A new "bacterial fingerprinting" precision test that identifies bacteria at the subspecies level rather than by species could one day help physicians identify pathogenic bacteria faster and reduce antibiotic overprescribing, researchers from the University of Washington and the maker of the test reported.
In a study this week in PLoS One, the investigators used a novel polymerase chain reaction–based clonotyping assay made by Seattle-based ID Genomics on Escherichia coli isolates. The test can differentiate pathogens on the clonal, or subspecies level, instead of just distinguishing among species, producing a "bacterial fingerprint."
This fingerprint is then matched against the company's reference database of pathogen strains and their antibiotic profiles. With information about a particular clonotype's potential resistance, a patient can be prescribed the antibiotic best suited to his or her infection.
The test, called CloNet, is also very fast. It identified E coli clonotypes directly in patients' urine within 25 to 35 minutes, with high specificity and sensitivity compared with culture tests, the authors reported. Conventional lab results typically take hours to days.

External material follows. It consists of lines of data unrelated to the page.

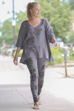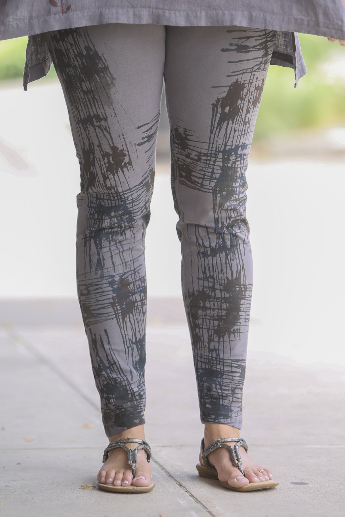 Made entirely in the USA from knit of fabric, through design and sewing. hand printed with love in our studio one at a time. Hand printing leggings takes a long time!
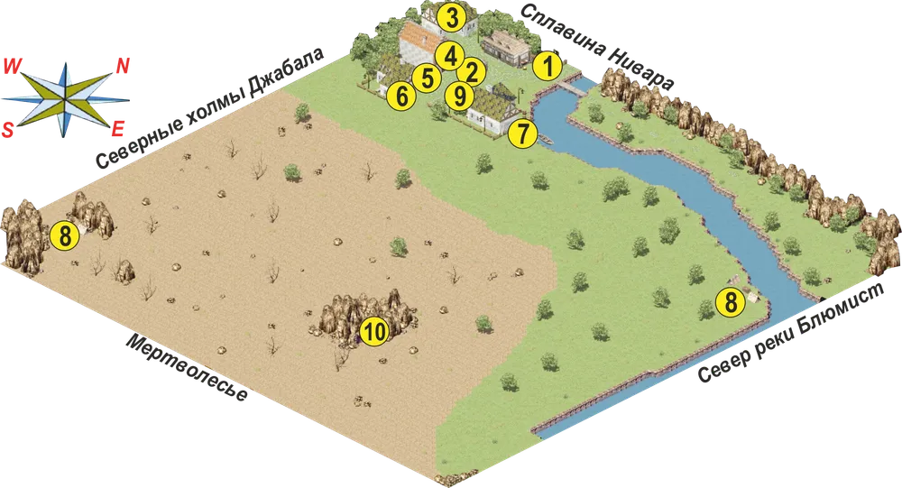 1 – брат Гудазар. 2 – капитан Теара. 3 – таверна «Роскошное блюдо». 4 – ратуша. 5 – кузнец Терена. 6 – торговец Ронус. 7 – лодочник Наррим. 8 – лагерь бандитов. 9 – Терод Ном. 10 – пещера Роната.
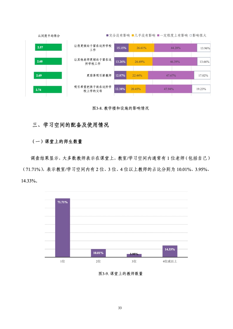 这也就是说,大多数学校的学习空间在舒适性和安全性上差距不是很大,是一种标准化的建设。这一定程度上也解释了为何教师在教学楼和设施对吸引本人或其他教师留在本校、吸引新教师和吸引生源上没有较高的认同度。在本次调查中,教师对这几项的认同度得分为2.5分多一点(1分表示完全没有影响,最高4分表示影响很大),处于“几乎没有影响”和“一定程度上有影响”之间。
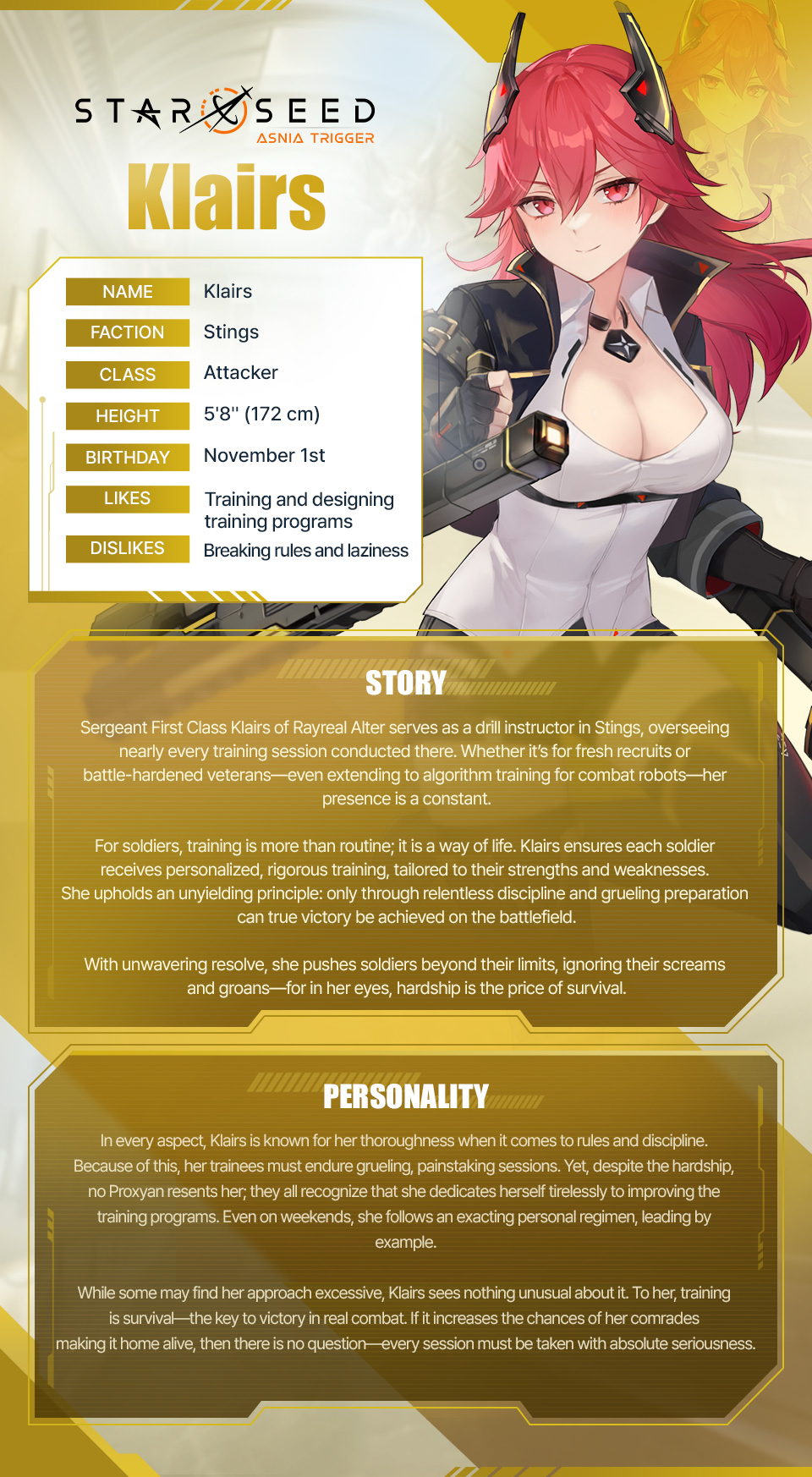 In today’s Get to Know Your Proxyan post, we’re visiting Klairs, Stings’ dedicated Drill Instructor from Rayreal Alter.
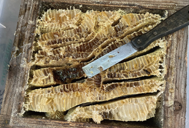 ニホンミツバチの飼育で一番難しいことは春に群れを捕獲することです。捕獲といっても、巣箱を用意しておくだけなのですが、そこに住み着いてくれれば、ニホンミツバチは野生なので世話をせず、餌も与えず、秋になるとこうして貯まったハチミツの一部をもらえるのです。異常な高温、長雨の上に新型コロナという目に見えないウイルスの恐怖や不安が続いた一年だっただけに大量のハチミツは嬉しい収穫でした。
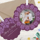 Personalised Christmas photo ornament cards are a festive way to send holiday greetings and this dark plum purple and faux glitter snowflake design is so easy to customise and make your own. Each ornament card has a hole punched at the top so your family and friends can hang your Christmas cards on their tree, the mantle or perhaps in a window. This elegant design begins with a circular border of tiny purple faux sparkle snowflakes around the edge with your personalised text and family photo in the centre. Two sets of curving white text can be edited to add your short Christmas greeting and names plus the year. Simply add your photo using the simple template and watch it turn into a round picture bordered in deep purple with a white edge. These personalised scallop shaped ornament cards reverse to reveal the same deep amethyst purple background with a sprinkle of larger faux glitter snowflakes at the top, Merry & Bright in the centre in a pretty white script font and smaller simpler text just below where you can add additional wording such as your individual names. Create your own custom Christmas photo ornament cards with this eye catching plum purple and bling snowflake design to delight everyone with Christmas cards they can hang and display for a little extra holiday cheer this year.
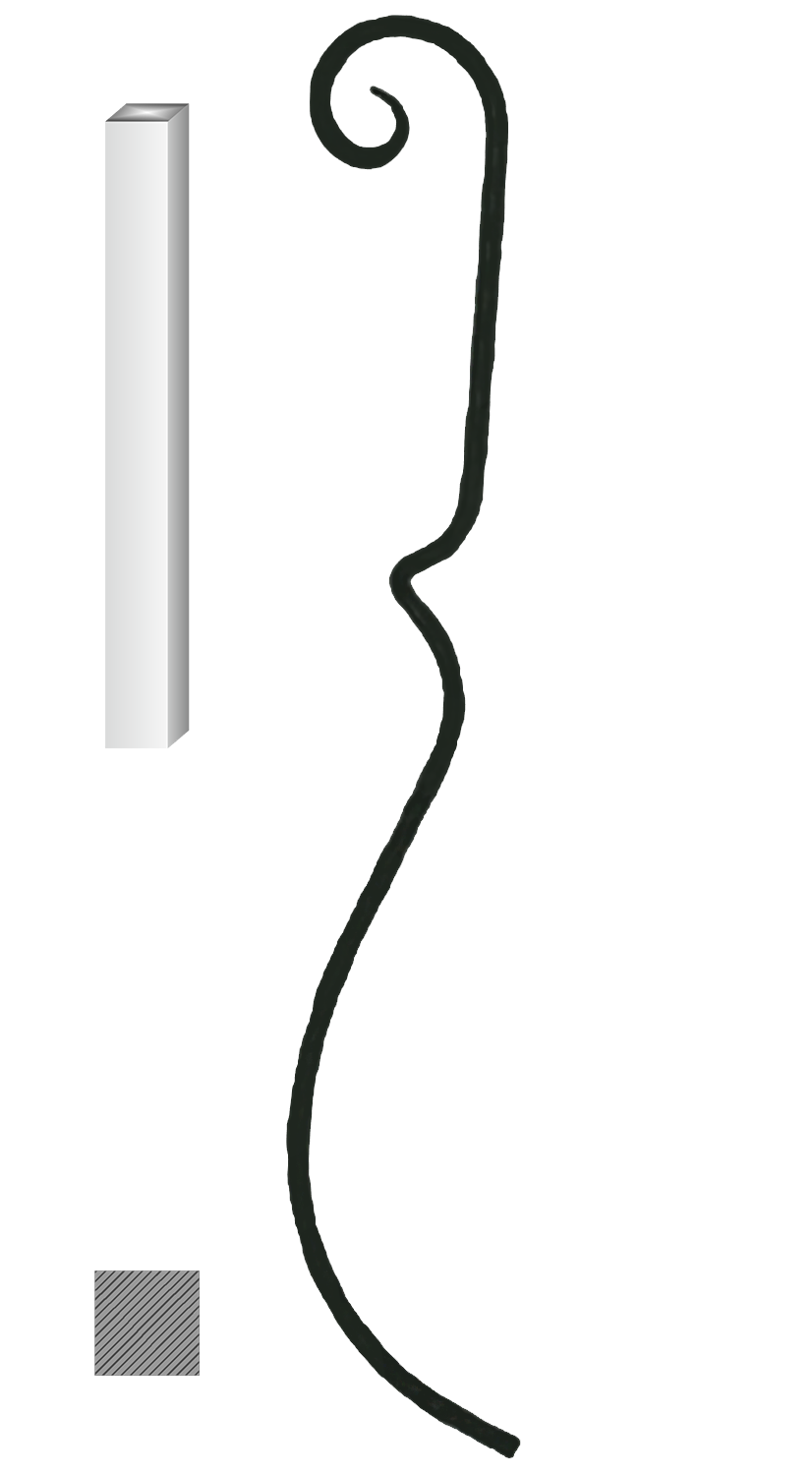 KT610HO - kovaná výplň zábradlí, tvarovaná tyč 1000 x 170 mm, 12 x 12 mm, hladký profil, hmotnost 1,...Ukaž celý popis >
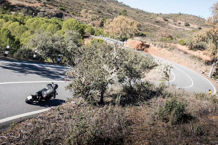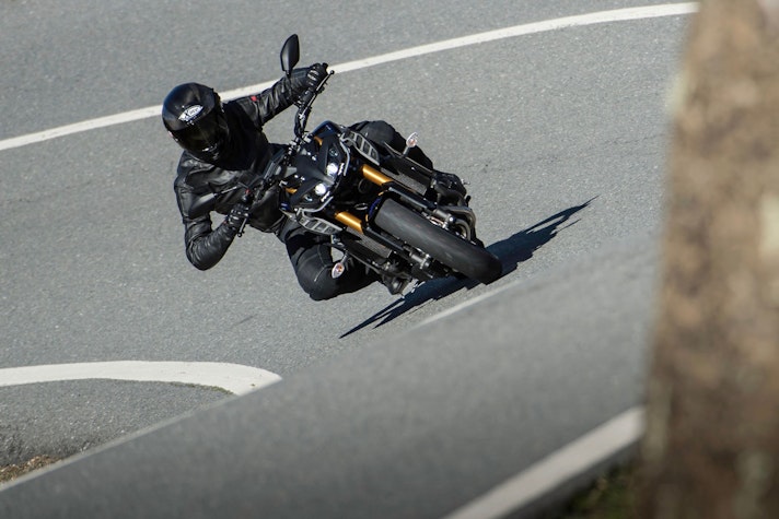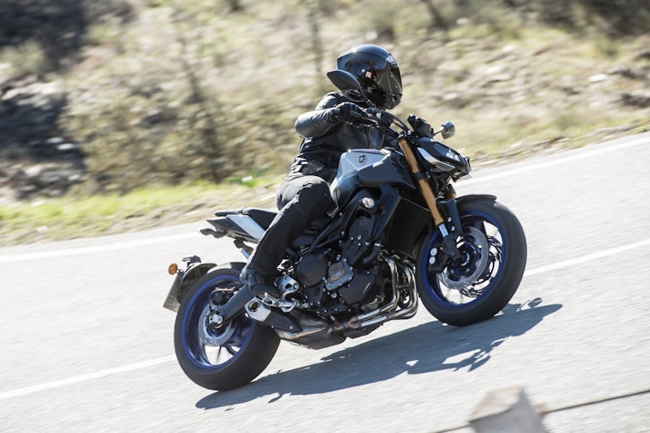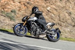 Una volta in movimento la MT-09 SP mostra in fretta quali vantaggi portino la nuova forcella e l’ammortizzatore Öhlins. Questa versione dispone di un assetto molto più neutro, più composto nei trasferimenti di carico, in staccata o in uscita di curva a gas spalancato. Così configurata, la moto si rivela più precisa e meno nervosa, pur restando agilissima, docile ai comandi e sempre coerente nelle reazioni, anche quando si è già in piega e si cerca di modificare la traiettoria. Con la loro scorrevolezza, le sospensioni regalano un gran feeling e in ogni momento si ha una chiara idea del grip delle gomme Bridgestone Battlax Hypersport, anche quando l’asfalto non è in condizioni ideali. Il risultato è una moto che si avvicina come rendimento alle naked più sportive, senza perdere il tradizionale carattere giocoso e divertente, quasi da maxi motard. Al limite dell’istigazione a delinquere.
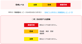■昨年の発生ピークを振り返る:昨年3,000件超のプロット地点や、地域別の警戒レベル発表実績(昨年は4月30日、5月7日がピーク)を網羅しています。
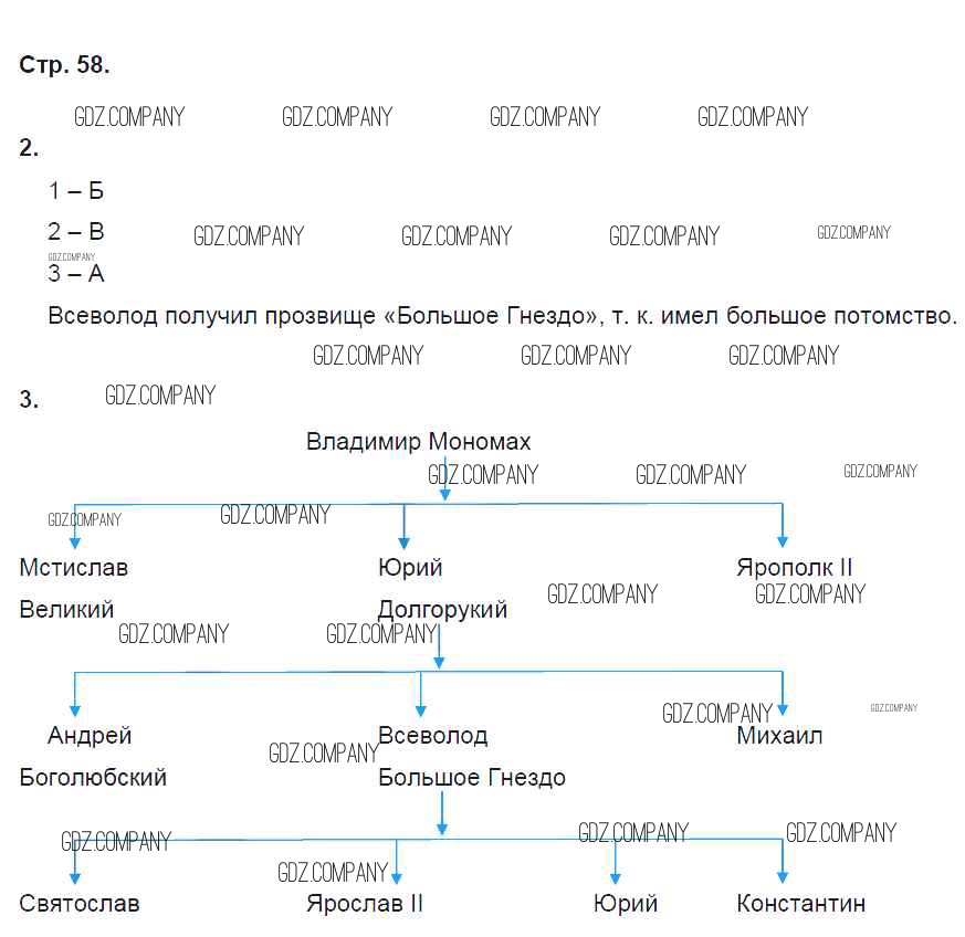 Здесь готовые ответы по Истории за 6 (шестой) класс от Артасов, Данилов, Косулина, Соколова Рабочая тетрадь (издательство: Просвещение от 2016 г.) № стр. 58
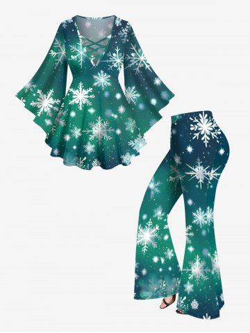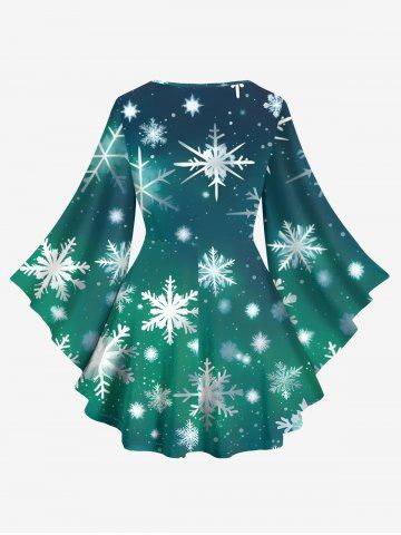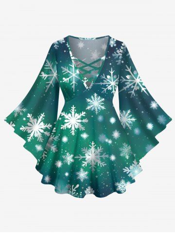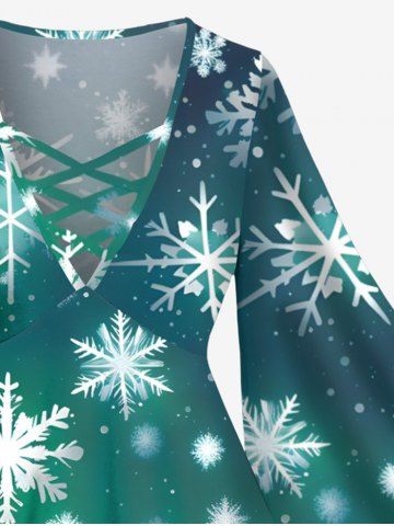 Plus Size Christmas Snowflake Ombre Galaxy Print Lattice Long Sleeves T-shirt - Green - 1x
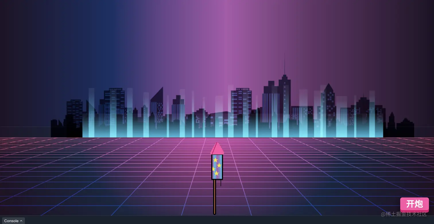 单单实现火箭炮怎么够呢,我又用了强大的CSS实现了烟花
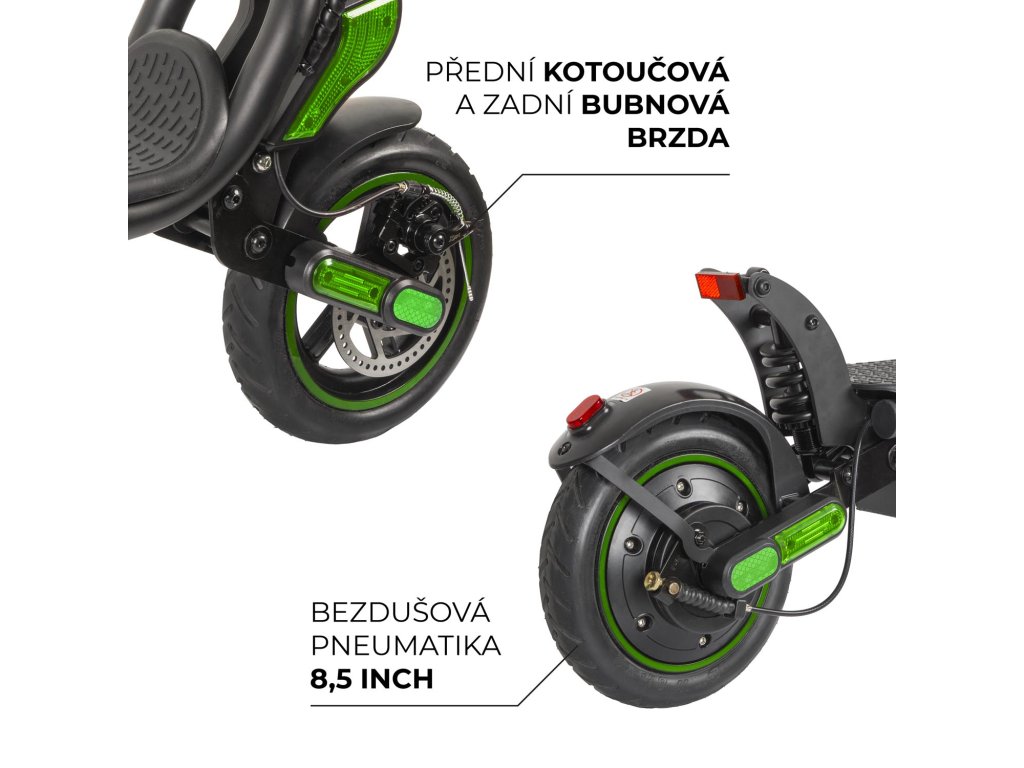 - 8,5“ bezdušové pneumatiky pre hladkú a stabilnú jazdu
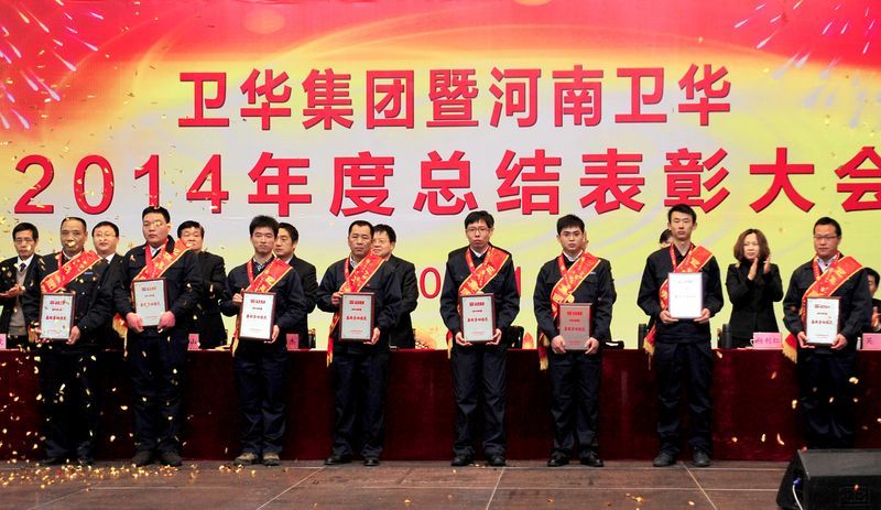 1月30日上午,卫华集团2014年度总结表彰大会在集团多功能厅隆重举行。集团党委书记韩宪保在大会上强调,要在总结成绩的同时,认清形势,查找不足, 明确自己肩上的责任,2015年全体员工要以敢为人先的勇气,百折不挠的士气,永不退缩的志气,力挽狂澜的豪气,竞相创新的锐气,凝心聚力,团结拼搏,狠 抓落实,推动卫华集团持续健康发展。
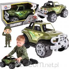 Pojazd jeep z oponami terenowymi. Auto na napęd cierny, omija przeszkody. Obraca się o 360 stopni. Produkt występuje w kilku wersjach kolorystycznych, wybierany losowo. Cena dotyczy jednej sztuki. Zabawka zapakowana w kartonową podstawkę z przezroczystym kloszem. Zabawka dla dzieci od 3 lat. Podane wymiary są wymiarami opakowania.
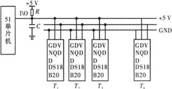 zhenduichuanliandianchizu,chuantongdecewenfangfaduocaiyongmoniwenduchuanganqijinxingceliang,zaishujudecaijihechuanshuguochengzhongyishouwaijiehuanjingdeganrao,congershicededejieguowuchajiaoda,qiedangceliangdianjiaoduoshi,lianxianjiaofuza。wenzhongcaiyongdanpianjihedanzongxianshuzishiwenduchuanganqiDS18B20來解決上述問題[5]。其原理如圖5所示。
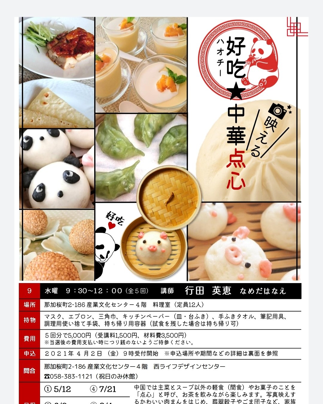 来月より各務原市の生涯学習・ライフデザインセンターにて『好吃!映える中華点心』講座を担当する事になりました。
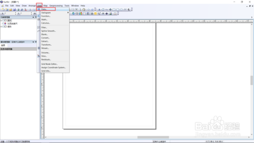 首先打開你的surfer,然后選擇“網(wǎng)格”-》“數(shù)據(jù)”
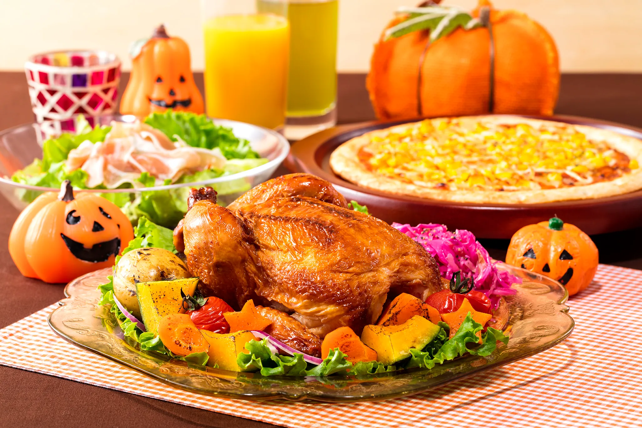 ハロウィン、七五三、クリスマス、年末年始などのイベントが増える冬のパーティーシーズンに、少人数の家族会、大人数のホームパーティーなど様々なシーンを華やかに彩ります。自家製ローストチキンに加えてピザやサラダと合わせたお得なパーティーセットもご用意しております。
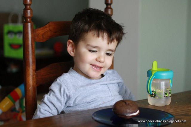Caleb determining how to approach the eating of his first Whoopie Pie.
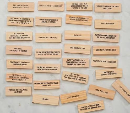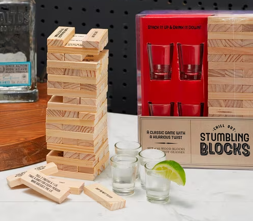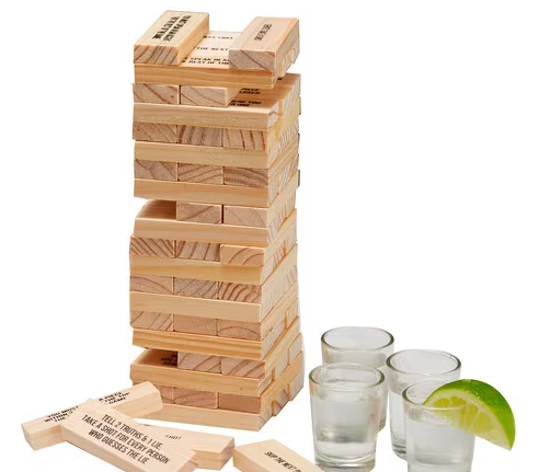 - Includes: 4 shot glasses 60 block pieces with assorted sayings.
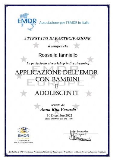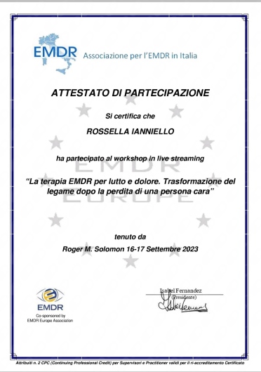 Sono inoltre formata sulla psicoterapia EMDR.

Depending on E coli concentration, CloNet achieved a sensitivity of 87.7% to 98.4%, specificity of 98.4% to 96.5%, positive-predictive value of 93.8% to 97.5%, and negative-predictive value of 91.8% to 99.6%.
Guiding empiric therapy
The researchers assessed how well CloNet could guide empiric antibiotic therapy in 220 patients with urinary tract infections (UTIs) who had E coli in their urine samples. They matched resistance profiles to the most effective antibiotic treatment.
In looking at what antibiotics the test would allow for any given clonotype, the researchers discovered an antibiotic-pathogen mismatch of only 4.6% for fluoroquinolones, 7.9% for trimethoprim-sulfamethoxazole, 4.3% for cefazolin, and 0.3% for nitrofurantoin.
By comparing treatment options based on CloNet results with the current standard treatment for UTIs, they reported that using the test could reduce the relative likelihood of antibiotic-pathogen mismatch by almost 67%.
"Precision technology is a critical tool for preventing the overuse of broad-spectrum antibiotics by encouraging the use of first-line antibiotics, as recommended by current guidelines," Evgeni Sokurenko, MD, PhD, co-founder of ID Genomics and professor of microbiology at the University of Washington, said in an ID Genomics news release.
"The results in this article show how ID Genomics' system may improve patient outcomes. We are looking forward to applying the technique to a broad range of infectious diseases."
"Results from this study provide proof-of-concept that a clonal diagnostic approach to bacterial identification can be more accurate than empiric therapy decisions alone, and faster than traditional culture approaches," said Thomas Fritsche, MD, PhD, who was not involved in the study. He is a clinical microbiologist and medical director of laboratory medicine at the Marshfield Clinic in Wisconsin.
The authors summarize the technology thus: "The clonal diagnostics approach merges epidemiologic surveillance, antimicrobial stewardship, and molecular diagnostics to bring evidence-based medicine directly to the point of care."